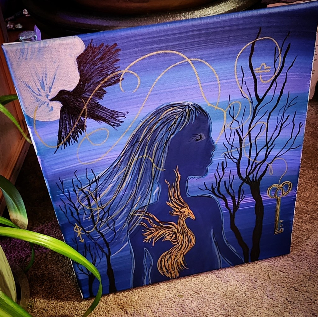 The crow against the full white moon in the upper left is both omen and ally. It holds memory and mystery. It has flown from my past to witness my becoming. The moon it flies across is full and unobscured—illumination without fear.
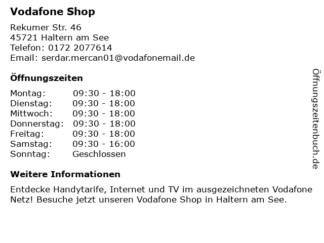| Öffnungszeiten Vodafone Shop in Haltern am See anzeigen | |
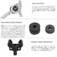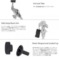 ブームアームをパイプ内に収納することでストレートタイプにすることもできるシンバルホルダー。ブームアーム部を通常の長さより約半分短くすることで、セッティングスペースの縮小を図り、180°無段階で固定できるユニロック・ティルターを採用することで、ギア式では不可能なシンバルの微妙な角度調整が可能。
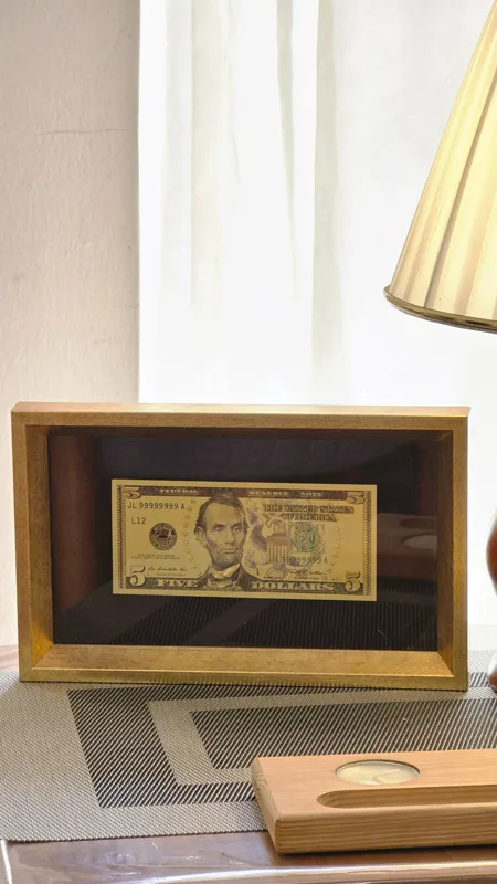 تابلوی دکوراتیو روکش طلا، ترکیبی هنرمندانه از اسکناس دلار و طرحهای درهم، انتخابی خاص برای کسانی که به دنبال جلوهای لاکچری و متفاوت در دکوراسیون خود هستند.
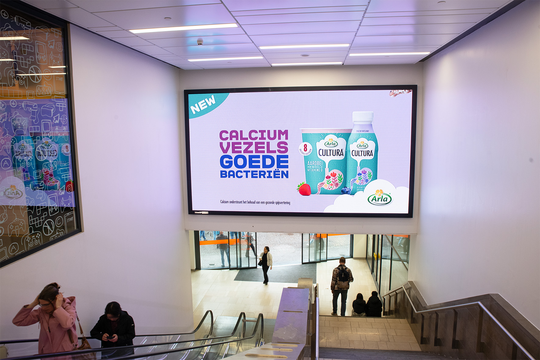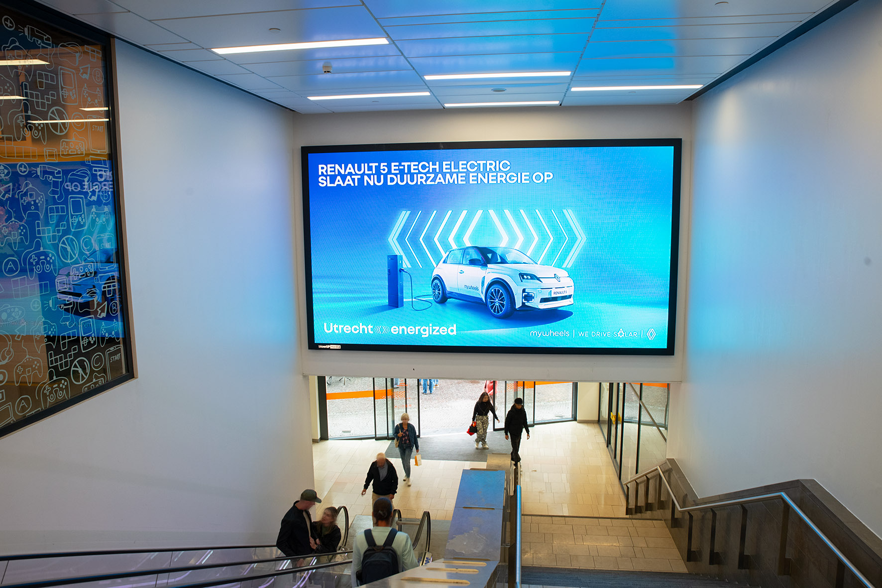 Each year, more than 4 million people pass through this busy entrance to Hoog Catharijne, walking directly towards this 15m² LED screen. This makes it an ideal location for reaching the Utrecht local audience. The passageway is mainly used by city residents who walk straight from the shopping centre to the well-known Steenweg, one of Utrecht’s busiest shopping streets. In addition to regular visitors, the route also attracts many students, day-trippers and tourists heading into the city centre. The screen is located in a narrow passage, meaning campaigns naturally command attention.
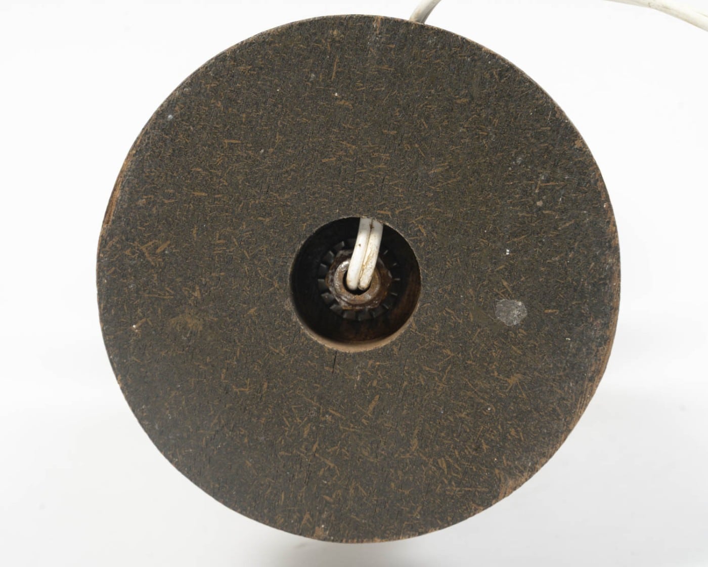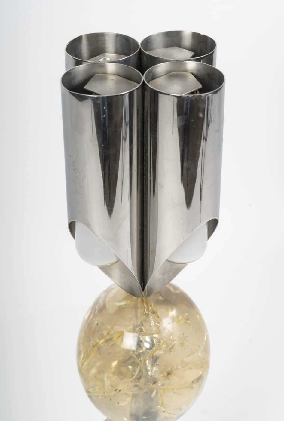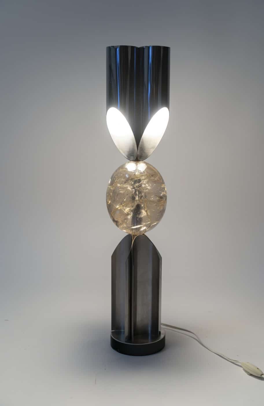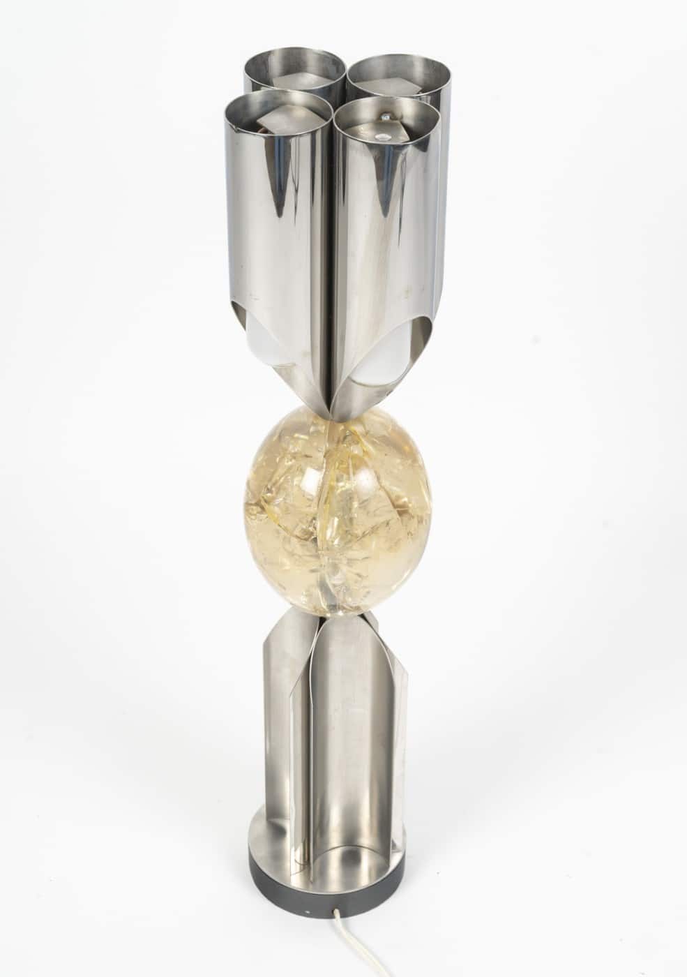 Rare lampe à poser en inox centrée d’un oeuf en résine.

# # # # #

Instructions for the task | Transcribe nothing but the lines from the one containing "anzeigen | |" through the final line of the records, exactly as written and without pictures.

Answer box |
| Öffnungszeiten Vodafone Shop in Haltern am See anzeigen | |
 ブームアームをパイプ内に収納することでストレートタイプにすることもできるシンバルホルダー。ブームアーム部を通常の長さより約半分短くすることで、セッティングスペースの縮小を図り、180°無段階で固定できるユニロック・ティルターを採用することで、ギア式では不可能なシンバルの微妙な角度調整が可能。
 تابلوی دکوراتیو روکش طلا، ترکیبی هنرمندانه از اسکناس دلار و طرحهای درهم، انتخابی خاص برای کسانی که به دنبال جلوهای لاکچری و متفاوت در دکوراسیون خود هستند.
 Each year, more than 4 million people pass through this busy entrance to Hoog Catharijne, walking directly towards this 15m² LED screen. This makes it an ideal location for reaching the Utrecht local audience. The passageway is mainly used by city residents who walk straight from the shopping centre to the well-known Steenweg, one of Utrecht’s busiest shopping streets. In addition to regular visitors, the route also attracts many students, day-trippers and tourists heading into the city centre. The screen is located in a narrow passage, meaning campaigns naturally command attention.
 Rare lampe à poser en inox centrée d’un oeuf en résine.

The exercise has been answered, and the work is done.